Sunday, November 28, 2010

What about this steak? It tastes like prison ass.

#47. Home For the Holidays (1995).

A little bit on the darker side, but absolutely full of charm, Home for the Holidays. (And in retrospect, I probably could have picked a different subject line for the Robert Downey, Jr. movie...)



So Robert Downey, Jr. admits to having used heroin during this making of this film, and I'm also pretty sure he said there are whole scenes he doesn't even remember doing. Honestly, I can't say it shows, he turns in yet another great performance.

Great supporting cast, too, Steve Guttenberg does a really good douchebag, and Cynthia Stevenson is also perfect as her...uh, sister. I mean this in a good way, but what an unlikeable bitch!

But it's full of really great lines, cute moments (not cutesy moments) and that touch of genuine reality I'm glad I cannot relate to very well, since I am lucky enough to have a family that is not severely dysfunctional. Even Claire Danes doesn't annoy me in this; (though to be fair her screen time clocks in at probably 5 whole minutes).



The story refrains from being saccharine or wrapping things up neatly. With the exception of the final Dylon McDermott scene...puh-leeeze. I know it's pre-9/11, but I just don't buy the airplane scene or how empty the plane is, I don't care WHERE it's coming from or heading toward. So regardless, it's a little gooey at the end, but I can live with it.

#46. The Shop Around the Corner (1940).

So this is the movie that You've Got Mail was based on. I hated that movie, but I'd been wanting to check this out since last year. I couldn't get my hands on it since it was monumentally on "long wait" with Netfux. So I got it a little earlier this year.



I usually dislike Jimmy Stewart, but either he's grown on me over the years or I've just mellowed out or both. I still loath Mr. Smith Goes to Washington with every ounce of my being, but occasionally I guess as an actor, Jimmy Stewart himself's not so bad.

This movie is certainly innocent; based on the pen-pal relationship he strikes up with an anonymous woman, it's more like an ode to Craig's List these days...I also love the obscenely naive idea that these people are thinking about getting engaged before even meeting. Awesome.
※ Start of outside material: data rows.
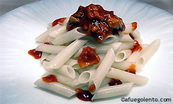 Mezclar los macarrones con la salsa y servir caliente. Si se desea, espolvorear con queso rallado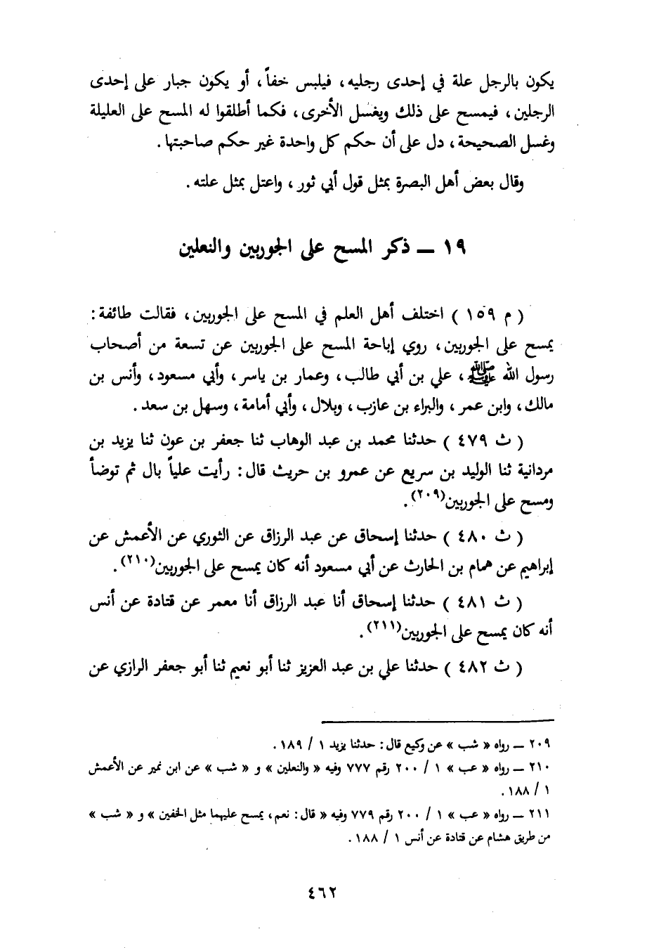 ذِكْرُ الْمَسْحِ عَلَى الْجَوْرَبَيْنِ وَالنَّعْلَيْنِ اخْتَلَفَ أَهْلُ الْعِلْمِ فِي الْمَسْحِ عَلَى الْجَوْرَبَيْنِ فَقَالَتْ طَائِفَةٌ: يَمْسَحُ عَلَى الْجَوْرَبَيْنِ، رُوِيَ إِبَاحَةُ الْمَسْحِ عَلَى الْجَوْرَبَيْنِ عَنْ تِسْعَةٍ مِنْ أَصْحَابِ رَسُولِ اللهِ صَلَّى اللَّهُ عَلَيْهِ وَسَلَّمَ: عَلِيِّ بْنِ أَبِي طَالِبٍ، وَعَمَّارِ بْنِ يَاسِرٍ، وَأَبِي مَسْعُودِ، وَأَنَسِ بْنِ مَالِكٍ، وَابْنِ عُمَرَ، وَالْبَرَاءِ بْنِ عَازِبٍ، وَبِلَالٍ، وَأَبِي أُمَامَةَ، وَسَهْلِ بْنِ سَعْدٍ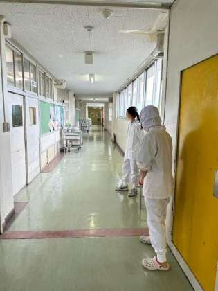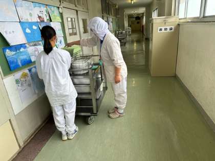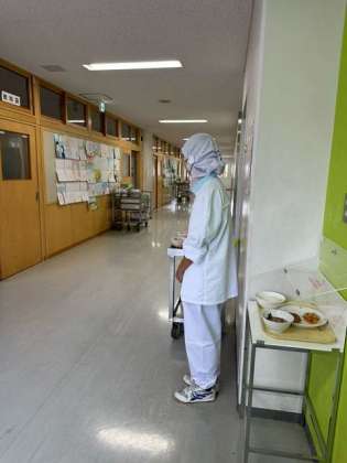 各クラス前に配膳を終えた後も、授業が終わって、クラスの中に運び入れるまで、見守ります。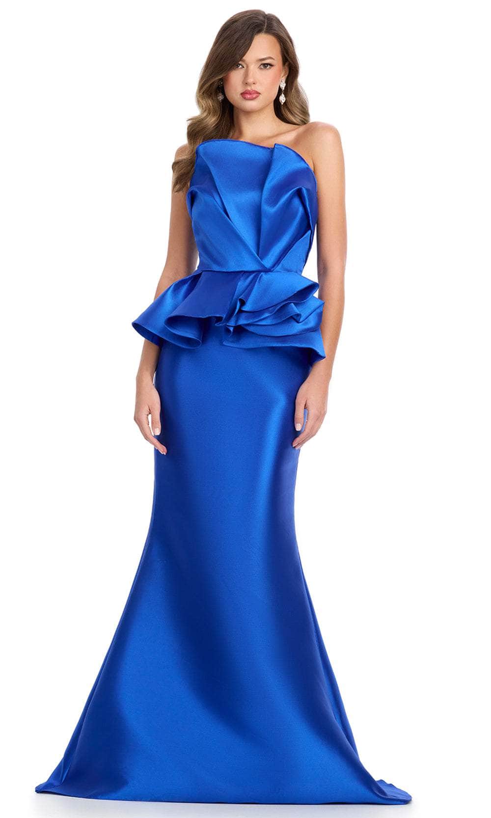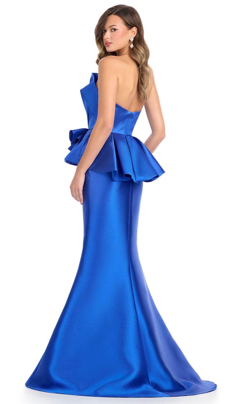 Step into an enchanted night of elegance with this Ashley Lauren 11874 creation. The Mikado dress displays a sculptural asymmetrical pleating and statement-making peplum waist. Its strapless design stands out, featuring an asymmetric neckline and a low open back. Its concealed zipper closure delivers a comfortable fit. The skirt reaches down to the sweep train and presents a mermaid silhouette that highlights your curves. Steal your heart with the enduring allure of this Ashley Lauren 11874 dress. Model is wearing Royal color.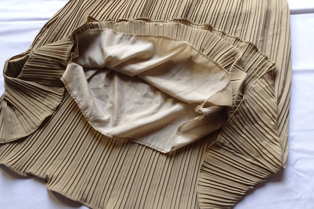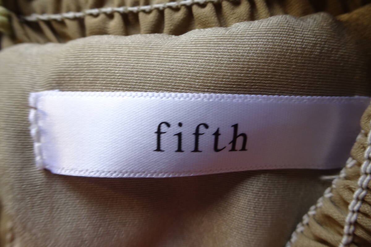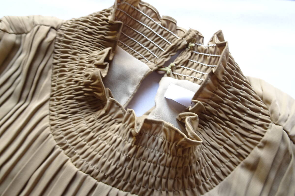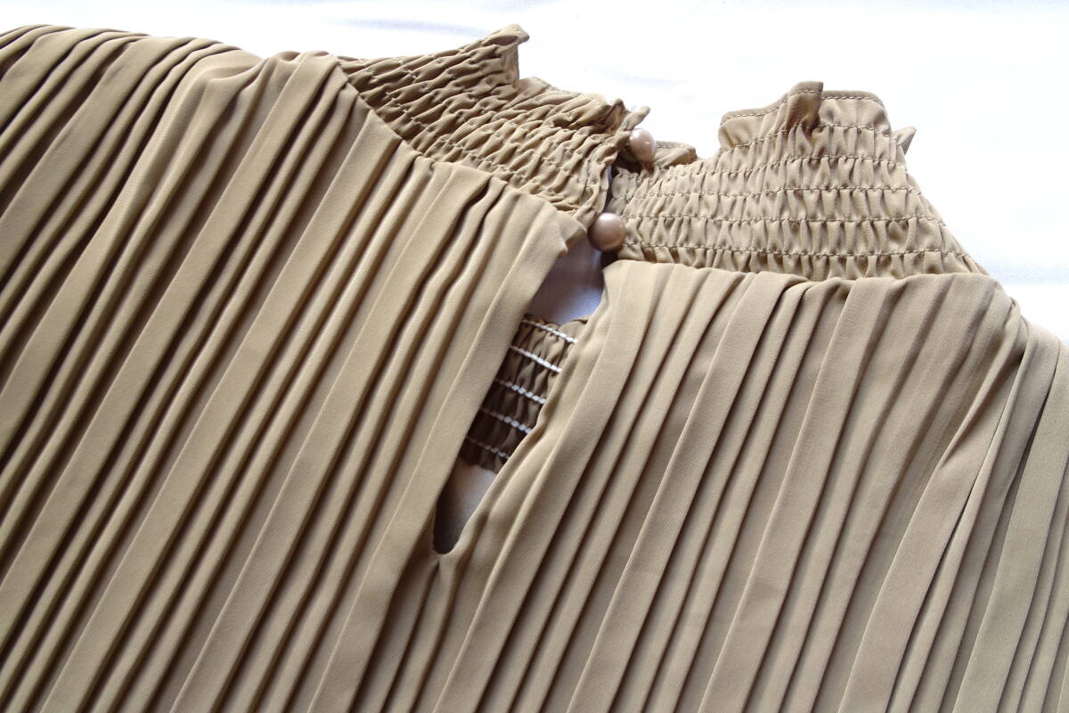 fifth/フィフス/長袖ワンピース/ストレートロング丈/プリーツ生地/首ぐり・袖口シャーリングゴム/肩フリル/ベージュ系カーキ(3/11R)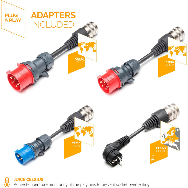 Patentētā JUICE CONNECTOR savienotāju sistēma atpazīst vairāk nekā 30 dažādus adapteru spraudņus, un uzlādes stiprums tiek automātiski iestatīts pareizi.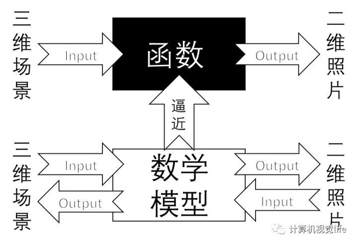 我们所处的世界是三维的,而照片是二维的,这样我们可以把相机认为是一个函数,输入量是一个场景,输出量是一幅灰度图。这个从三维到二维的过程的函数是不可逆的。相机标定的目标是我们找一个合适的数学模型,求出这个模型的参数,这样我们能够近似这个三维到二维的过程,使这个三维到二维的过程的函数找到反函数。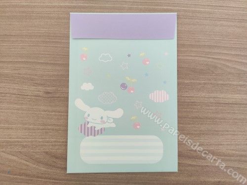Conjunto importado, de papel de carta do Cinnamoroll, com 1 folha e 1 envelope, da Sanrio. Fabricante: Sanrio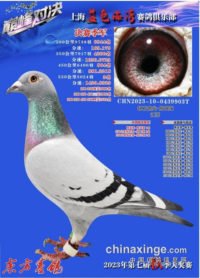 8、浙江杭州鸽友使翔——23年浙江盛世鸽王4名。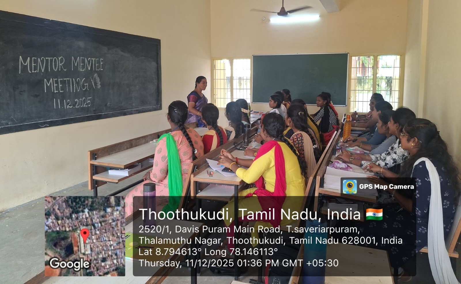 The meeting was led by experienced mentors including Dr P. Aruna Devi, Dr R. Jeyalakshmi, Dr E. Essakkiammal, Dr T. Sudha, Mrs S. Shanmuga Nirmala, Mrs G. Akila, Mrs V. Suganthi and Dr Devi Sathya. Each mentor interacted with their mentee groups in a detailed manner. They guided students in academics, discipline and career readiness. Their friendly approach helped students feel comfortable throughout the session.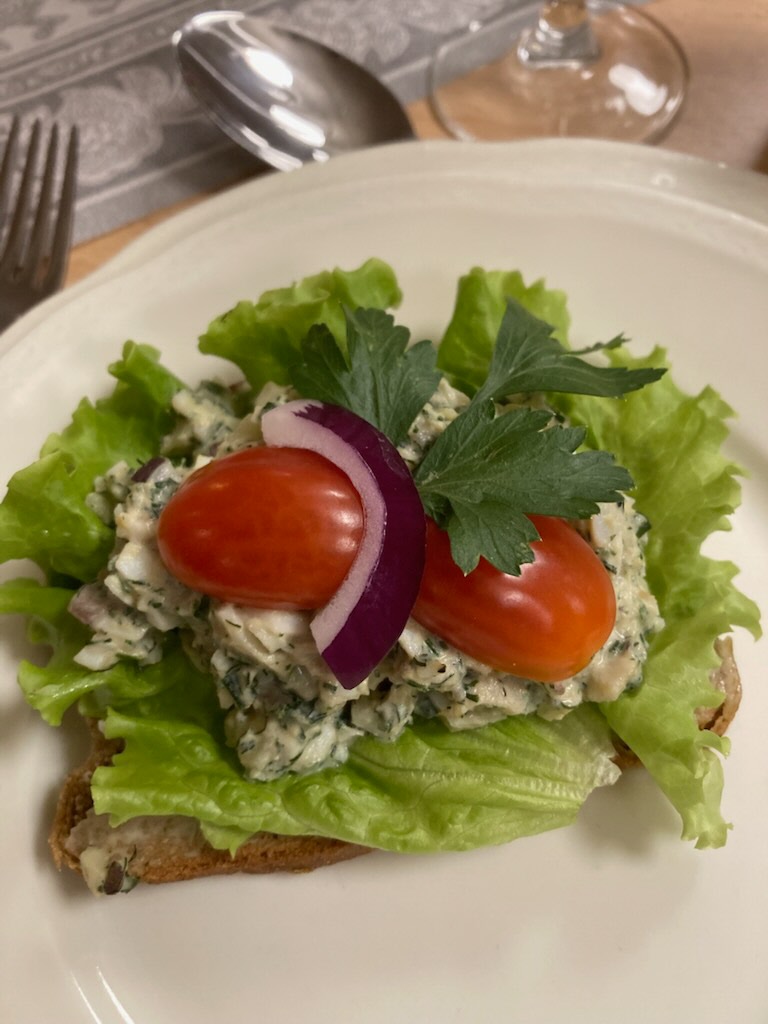 Inga-Lill hade som vanligt skapat en fantastiskt god trerätters supé med liten gubbröramacka, köttgryta, potatis, morötter och sås samt tillbehör.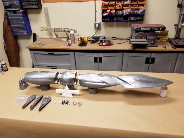 Some of you may recall the 50" version that I started a while back. Having learned from that first attempt, I re-engineered the prints and added detail, adjust the scale to 1:300. That original master pattern was actually sold to a father/son team calling themselves Rapidnadion and they're having a go at converting it to R/C. It looks like their efforts may have somewhat stalled, but I haven't heard from them in a while. They have a channel on Youtube that you can check out if you want to see their preliminary efforts.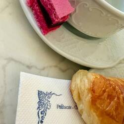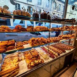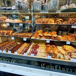 The morning was bright, and we wandered into town in search of breakfast. We stumbled across the most gorgeous old café and bakery — apparently the oldest in Bayeux!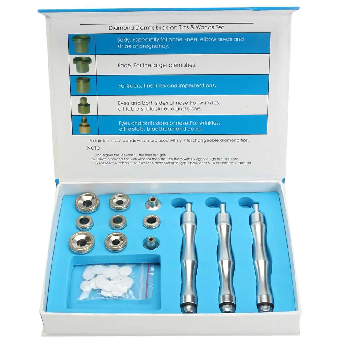 Алмазная микродермабразия Дермабразия для лица кислородная корка вакуумный спрей машина Особенность: Улучшает микроциркуляцию кожи Удаление следов от акне Улучшение кожи лица Уход за телом Описание: Размер продукта: 230*245*80 мм Посылка: 335*260*13 мм Размер устройства: 2717 г Входное напряжение: ЕС: 100-240 в, а, Гц Мощность: ЕС: 12 В = 4,0 А США: 12 В = 3,0 А Аксессуары: Устройство * 1 Вакуумная трубка из ПВХ * 2 Ручка для дермабразии * 3 Головка дермабразии * 9 Распылители * 1 Кабель устройства * 1 Распылитель пистолет упаковочный чехол * 1 Отшелушивающая головка и губчатый упаковочный чехол * 1 Руководство по использованию: 1. Пожалуйста, поместите это устройство стабильно в сухую рабочую окружность, а также убедитесь, что отверстия для тепловыделения могут проветривать тепло без блокировки. 2. Правильно Соедините Пистолеты для распыления, отшелушивающую головку и ручку для отшелушивания. 3. Подключите устройство к источнику питания и подключите устройство. 4. Нажмите красную кнопку на задней панели устройства. 5. После 30 минут непрерывной работы останавливайте устройство на 20-30 минут перед повторным использованием. 6. Установите рабочую интенсивность устройства до нужной степени в соответствии с условиями клиента. 7. После использования Выключите устройство и отключите устройство. Внимание: 1. Это устройство относится к изощренной категории, которая требует дополнительного обслуживания, чтобы продлить срок службы. 2. Переместите это устройство с осторожностью в случае любых повреждений устройства. 3. После использования устройства, пожалуйста, очистите это устройство осторожно и сохраните его должным образом при следующем использовании. 4. Людям с ранами на коже рекомендуется не использовать. 5. Держите лицо увлажненным и вдали от сильного солнечного света. 6. Не мыть лицо горячей водой (выше 30 ℃)Через три дня после лечения. Примечание: Допускается погрешность в 1-3 см из-за ручного измерения. Перед заказом убедитесь, что вы не возражаете. Пожалуйста, поймите, что цвета могут иметь Хроматическую аберрацию из-за разного размещения изображений. Если у вас есть какие-либо вопросы, свяжитесь с нами. |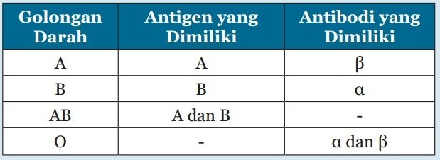 Golongan darah seseorang ditentukan berdasarkan ada atau tidaknya zat antigen pada sel darah merah dan plasma darah. Ada dua jenis antigen pada sel darah merah, yaitu antigen-A dan antigen-B. Antibodi dalam plasma darah juga terdiri atas dua jenis, yaitu antibodi anti-A dan antibodi anti-B.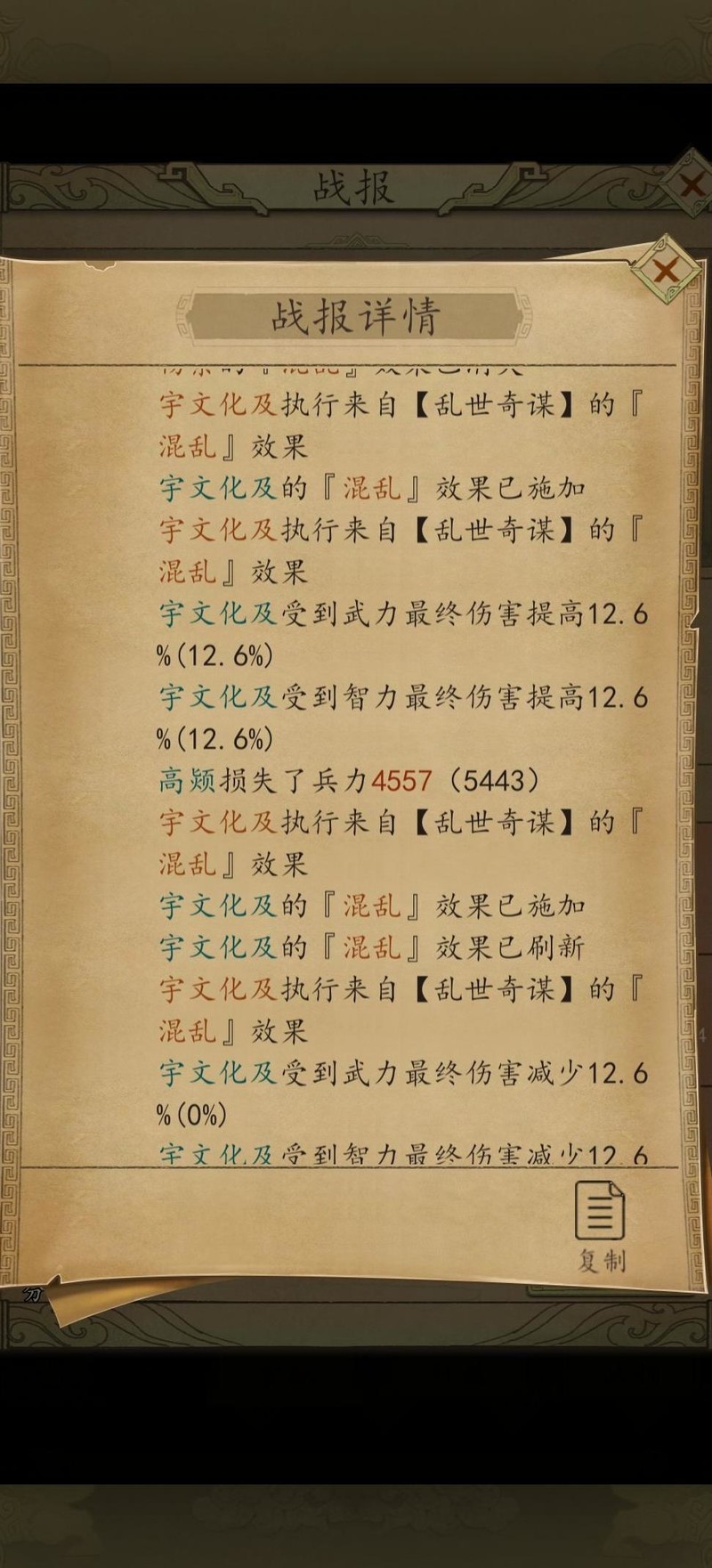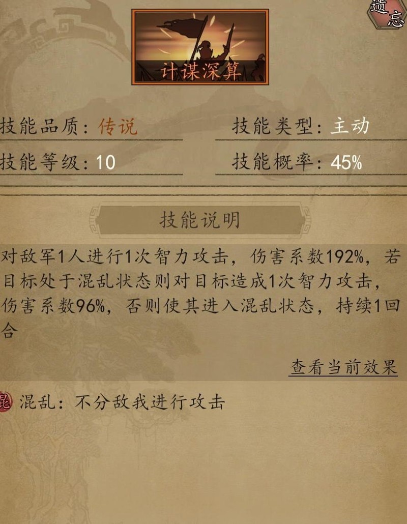 乱世奇谋:对除自身外的所有敌我单位依次判定。若目标未陷入混乱,则有35%几率使其陷入混乱状态,持续两回合;若己方单位已处于混乱状态,则清除其由主动或追击技能引发的负面效果,并在宇文化及为主将时,使其造成的伤害提升12%(受施法者智力影响),持续两回合;若敌方单位已混乱,则对其发动一次智力攻击,伤害系数为175%,随后额外使一名敌军陷入混乱状态。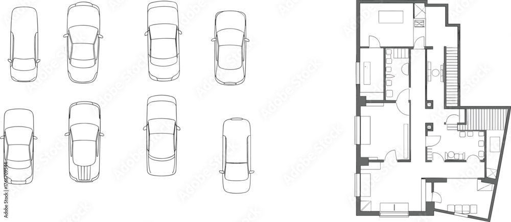 Obraz Pojazdy - CAD drawing flat vector, car parking grid illustration, architectural building floor plan, top... #1766709544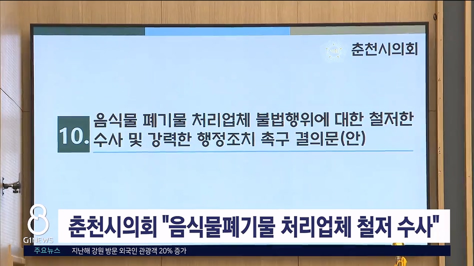 G1뉴스가 보도한 춘천 한 음식물 폐기물 처리업체의 불법행위 의혹과 관련해, 춘천시의회가 철저한 수사와 강력한 행정조치를 촉구했습니다.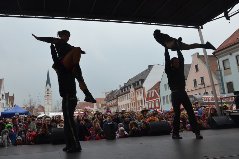 (zel) Pfaffenhofen lässt es zum Faschings-Endspurt heute in der City noch einmal richtig krachen. Ein paar tausend Maschkerer bevölkern derzeit die Innenstadt und haben vor allem am Hauptplatz, wo das traditionelle Faschingstreiben steigt, viel Spaß. Verschiedene Gruppen und Garden traten bereits verteilt über den ganzen Nachmittag auf der eigens aufgestellten Bühne auf und bekamen für ihre Tanz- und Showeinlagen viel Applaus.

Now I don't recall You've Got Mail very well (aside from trying not to vomit in the theater), but I think it's more than different enough. On the other hand, I think the female lead here is pretty unlikeable...she's kind of a snippy bitch, and not in a good way! I feel like a bunch of character development got left on the editing room floor and now she just comes off like an uppity shit. I don't think it's Margaret Sullavan's fault, but not having seen her in anything else, I can't really say...!

But overall it was still a perfectly enjoyable Christmas movie. Glad I saw it.